Work required: Please return all of the entries below exactly as they are written.

Stored records
BEGIN

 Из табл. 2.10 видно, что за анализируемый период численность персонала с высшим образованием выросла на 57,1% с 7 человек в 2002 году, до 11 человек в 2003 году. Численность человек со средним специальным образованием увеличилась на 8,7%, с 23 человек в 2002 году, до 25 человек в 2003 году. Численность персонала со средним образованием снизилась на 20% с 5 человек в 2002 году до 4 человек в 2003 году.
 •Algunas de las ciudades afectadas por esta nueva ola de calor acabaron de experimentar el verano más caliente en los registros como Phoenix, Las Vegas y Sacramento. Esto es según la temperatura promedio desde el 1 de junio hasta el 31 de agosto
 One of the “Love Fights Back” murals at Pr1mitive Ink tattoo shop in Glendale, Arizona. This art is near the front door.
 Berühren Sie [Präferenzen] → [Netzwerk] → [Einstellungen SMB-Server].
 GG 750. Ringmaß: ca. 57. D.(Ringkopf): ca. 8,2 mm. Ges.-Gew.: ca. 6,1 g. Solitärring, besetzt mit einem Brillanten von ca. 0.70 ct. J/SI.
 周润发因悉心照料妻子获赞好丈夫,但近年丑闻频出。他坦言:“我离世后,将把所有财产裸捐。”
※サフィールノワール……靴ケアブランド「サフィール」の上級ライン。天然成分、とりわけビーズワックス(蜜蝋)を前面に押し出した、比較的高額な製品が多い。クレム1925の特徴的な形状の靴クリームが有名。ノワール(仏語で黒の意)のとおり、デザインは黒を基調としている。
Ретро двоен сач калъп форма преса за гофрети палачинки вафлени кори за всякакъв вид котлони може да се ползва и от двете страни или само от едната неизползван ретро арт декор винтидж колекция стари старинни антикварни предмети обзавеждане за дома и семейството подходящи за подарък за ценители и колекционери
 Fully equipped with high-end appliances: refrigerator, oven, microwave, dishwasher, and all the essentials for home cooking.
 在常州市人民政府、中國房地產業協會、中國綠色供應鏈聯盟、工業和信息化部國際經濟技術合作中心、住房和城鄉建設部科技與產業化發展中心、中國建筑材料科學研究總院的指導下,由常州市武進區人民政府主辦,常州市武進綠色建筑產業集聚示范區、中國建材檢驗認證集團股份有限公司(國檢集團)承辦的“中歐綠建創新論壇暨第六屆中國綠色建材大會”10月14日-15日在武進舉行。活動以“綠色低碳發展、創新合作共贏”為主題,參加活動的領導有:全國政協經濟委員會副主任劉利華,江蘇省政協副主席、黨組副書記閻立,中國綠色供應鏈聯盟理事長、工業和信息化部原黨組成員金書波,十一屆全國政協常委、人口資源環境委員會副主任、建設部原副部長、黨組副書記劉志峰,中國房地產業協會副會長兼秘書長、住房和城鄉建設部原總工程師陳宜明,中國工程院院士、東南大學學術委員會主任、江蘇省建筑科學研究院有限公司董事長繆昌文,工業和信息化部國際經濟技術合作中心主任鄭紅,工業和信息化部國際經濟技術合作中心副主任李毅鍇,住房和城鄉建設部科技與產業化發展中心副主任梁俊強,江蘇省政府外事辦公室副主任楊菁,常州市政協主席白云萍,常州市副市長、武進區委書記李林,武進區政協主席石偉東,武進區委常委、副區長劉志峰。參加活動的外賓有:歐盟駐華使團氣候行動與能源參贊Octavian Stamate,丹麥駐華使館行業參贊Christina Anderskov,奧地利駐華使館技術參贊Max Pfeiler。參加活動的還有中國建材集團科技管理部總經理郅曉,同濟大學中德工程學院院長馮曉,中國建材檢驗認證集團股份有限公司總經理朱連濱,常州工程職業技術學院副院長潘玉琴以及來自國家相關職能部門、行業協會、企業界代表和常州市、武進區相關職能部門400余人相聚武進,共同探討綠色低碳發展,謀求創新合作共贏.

END

Response area:
 Из табл. 2.10 видно, что за анализируемый период численность персонала с высшим образованием выросла на 57,1% с 7 человек в 2002 году, до 11 человек в 2003 году. Численность человек со средним специальным образованием увеличилась на 8,7%, с 23 человек в 2002 году, до 25 человек в 2003 году. Численность персонала со средним образованием снизилась на 20% с 5 человек в 2002 году до 4 человек в 2003 году.
 •Algunas de las ciudades afectadas por esta nueva ola de calor acabaron de experimentar el verano más caliente en los registros como Phoenix, Las Vegas y Sacramento. Esto es según la temperatura promedio desde el 1 de junio hasta el 31 de agosto
 One of the “Love Fights Back” murals at Pr1mitive Ink tattoo shop in Glendale, Arizona. This art is near the front door.
 Berühren Sie [Präferenzen] → [Netzwerk] → [Einstellungen SMB-Server].
 GG 750. Ringmaß: ca. 57. D.(Ringkopf): ca. 8,2 mm. Ges.-Gew.: ca. 6,1 g. Solitärring, besetzt mit einem Brillanten von ca. 0.70 ct. J/SI.
 周润发因悉心照料妻子获赞好丈夫,但近年丑闻频出。他坦言:“我离世后,将把所有财产裸捐。”
※サフィールノワール……靴ケアブランド「サフィール」の上級ライン。天然成分、とりわけビーズワックス(蜜蝋)を前面に押し出した、比較的高額な製品が多い。クレム1925の特徴的な形状の靴クリームが有名。ノワール(仏語で黒の意)のとおり、デザインは黒を基調としている。
Ретро двоен сач калъп форма преса за гофрети палачинки вафлени кори за всякакъв вид котлони може да се ползва и от двете страни или само от едната неизползван ретро арт декор винтидж колекция стари старинни антикварни предмети обзавеждане за дома и семейството подходящи за подарък за ценители и колекционери
 Fully equipped with high-end appliances: refrigerator, oven, microwave, dishwasher, and all the essentials for home cooking.
 在常州市人民政府、中國房地產業協會、中國綠色供應鏈聯盟、工業和信息化部國際經濟技術合作中心、住房和城鄉建設部科技與產業化發展中心、中國建筑材料科學研究總院的指導下,由常州市武進區人民政府主辦,常州市武進綠色建筑產業集聚示范區、中國建材檢驗認證集團股份有限公司(國檢集團)承辦的“中歐綠建創新論壇暨第六屆中國綠色建材大會”10月14日-15日在武進舉行。活動以“綠色低碳發展、創新合作共贏”為主題,參加活動的領導有:全國政協經濟委員會副主任劉利華,江蘇省政協副主席、黨組副書記閻立,中國綠色供應鏈聯盟理事長、工業和信息化部原黨組成員金書波,十一屆全國政協常委、人口資源環境委員會副主任、建設部原副部長、黨組副書記劉志峰,中國房地產業協會副會長兼秘書長、住房和城鄉建設部原總工程師陳宜明,中國工程院院士、東南大學學術委員會主任、江蘇省建筑科學研究院有限公司董事長繆昌文,工業和信息化部國際經濟技術合作中心主任鄭紅,工業和信息化部國際經濟技術合作中心副主任李毅鍇,住房和城鄉建設部科技與產業化發展中心副主任梁俊強,江蘇省政府外事辦公室副主任楊菁,常州市政協主席白云萍,常州市副市長、武進區委書記李林,武進區政協主席石偉東,武進區委常委、副區長劉志峰。參加活動的外賓有:歐盟駐華使團氣候行動與能源參贊Octavian Stamate,丹麥駐華使館行業參贊Christina Anderskov,奧地利駐華使館技術參贊Max Pfeiler。參加活動的還有中國建材集團科技管理部總經理郅曉,同濟大學中德工程學院院長馮曉,中國建材檢驗認證集團股份有限公司總經理朱連濱,常州工程職業技術學院副院長潘玉琴以及來自國家相關職能部門、行業協會、企業界代表和常州市、武進區相關職能部門400余人相聚武進,共同探討綠色低碳發展,謀求創新合作共贏.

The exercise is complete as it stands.